Em Antônio João, Mato Grosso do Sul, uma fazendeira resolveu fazer da despedida de sua terra um ato simbólico. Roseli Ruiz, empresária e última ocupante de uma área marcada por um conflito agrário que já dura 27 anos, avisou que só deixará a Fazenda Barra após entregar as chaves da propriedade pessoalmente ao presidente Luiz Inácio Lula da Silva. Lula deve visitar a região no próximo dia 25 para testemunhar o fim deste capítulo.
A decisão de Roseli ecoou no discurso de Marcelo Bertoni, presidente da Federação da Agricultura e Pecuária de Mato Grosso do Sul (Famasul). Em vídeo divulgado nesta terça-feira (12), Bertoni reforçou o valor simbólico da entrega das chaves como uma forma de encerrar décadas de impasse e tensão, e marcar o início de um recomeço. “A Roseli já está se despedindo da fazenda, retirando suas coisas. A entrega das chaves na mão do presidente Lula e do ministro Gilmar Mendes será o marco para que ela saia”, afirmou Bertoni.
O acordo que encerra décadas de conflito - Para viabilizar a desocupação de 11 propriedades na região de Antônio João, o governo federal depositou R$ 27,8 milhões como compensação aos proprietários. As terras, incluindo a Fazenda Barra, foram reconhecidas em 2005 como território tradicional dos kaiowá, mas o impasse com os fazendeiros resistiu por quase duas décadas, levando a episódios de violência, inclusive a morte de um indígena neste ano.
Marcelo Bertoni, que acompanhou de perto as negociações, vê no gesto de Roseli uma possibilidade de fechar a história com dignidade. “Foram 27 anos de conflito, e os produtores estavam fora de suas terras. Este acordo é um passo importante para que a gente consiga resolver as questões indígenas no Brasil, e que todos possam seguir em paz”, pontuou Bertoni.
Roseli Ruiz e seu marido, Pio Queiroz, são os últimos produtores na área e permanecem na Fazenda Barra sob vigilância da Polícia Militar, que assegura a ordem até o momento da entrega oficial. Enquanto isso, Roseli vai finalizando sua despedida da terra, que cuidou por tantos anos. A decisão de esperar por Lula representa, para ela, o respeito ao processo e o desejo de que a transição seja feita com solenidade.
Portão das Fazendas Fronteira, Cedro e Barra, onde persiste a tensão entre fazendeiros e comunidades indígenas.

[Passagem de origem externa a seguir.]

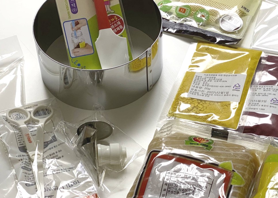 팥,천연분,깍지,실리콘헤라,스크래퍼,꽃가위,케익틀,화대,찜천,짜개주머니,커플러등 바로 연습할 수 있는 재료없이 보내주셨습니다. 🙂
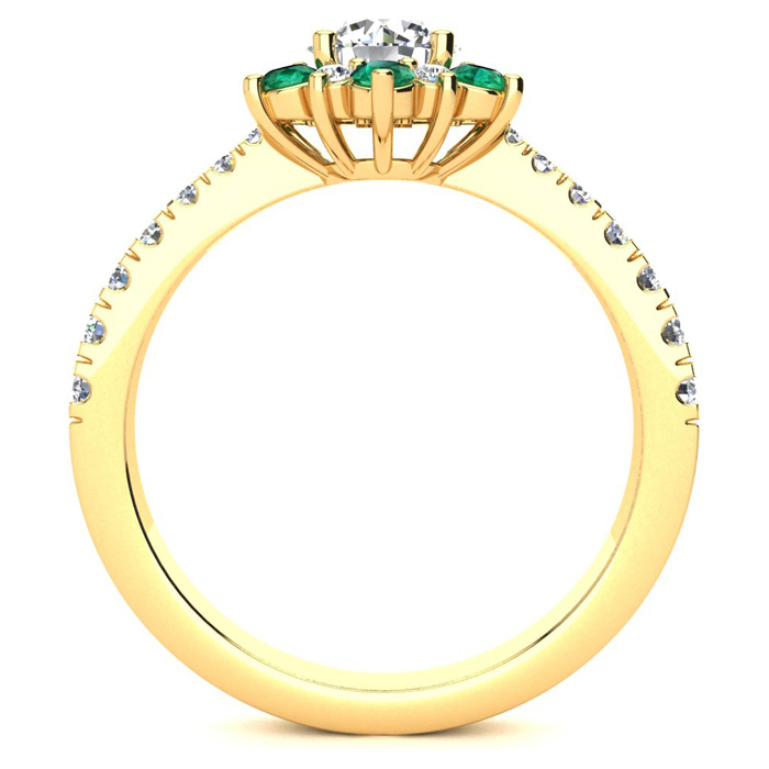 This ring features a 1/2 carat round shape center diamond in H-I color. There are 20 sparkling side diamonds in a halo and down the band in SI2-I1 clarity and 6 emerald gemstones at approximately 1/2 carat. Total gem weight is approximately 1 carat. This ring is in 14 karat yellow gold. Ring top measures 7x7mm.

A história de uma terra em disputa - Reconhecida como território kaiowá, a região de Ñanderu Marangatú abrange 9,1 mil hectares, oficialmente destinados aos indígenas desde 2005. Mas a disputa pela área começou ainda nos anos 1950, quando os kaiowá foram expulsos do território, que passou a ser ocupado por fazendeiros. Enquanto indígenas recordam a presença de suas comunidades na área há séculos, alguns fazendeiros remontam a ocupação a 1863, quando o local ainda fazia parte do Paraguai.
Marcelo Bertoni acredita que o desfecho, liderado pela entrega simbólica de Roseli, poderá se tornar um modelo para outros conflitos de terra no Brasil, abrindo caminho para resoluções pacíficas e dialogadas. A entrega das chaves ao presidente Lula e ao ministro Gilmar Mendes encerra não apenas uma disputa legal, mas também um longo e doloroso ciclo de conflito e incerteza para as famílias da região.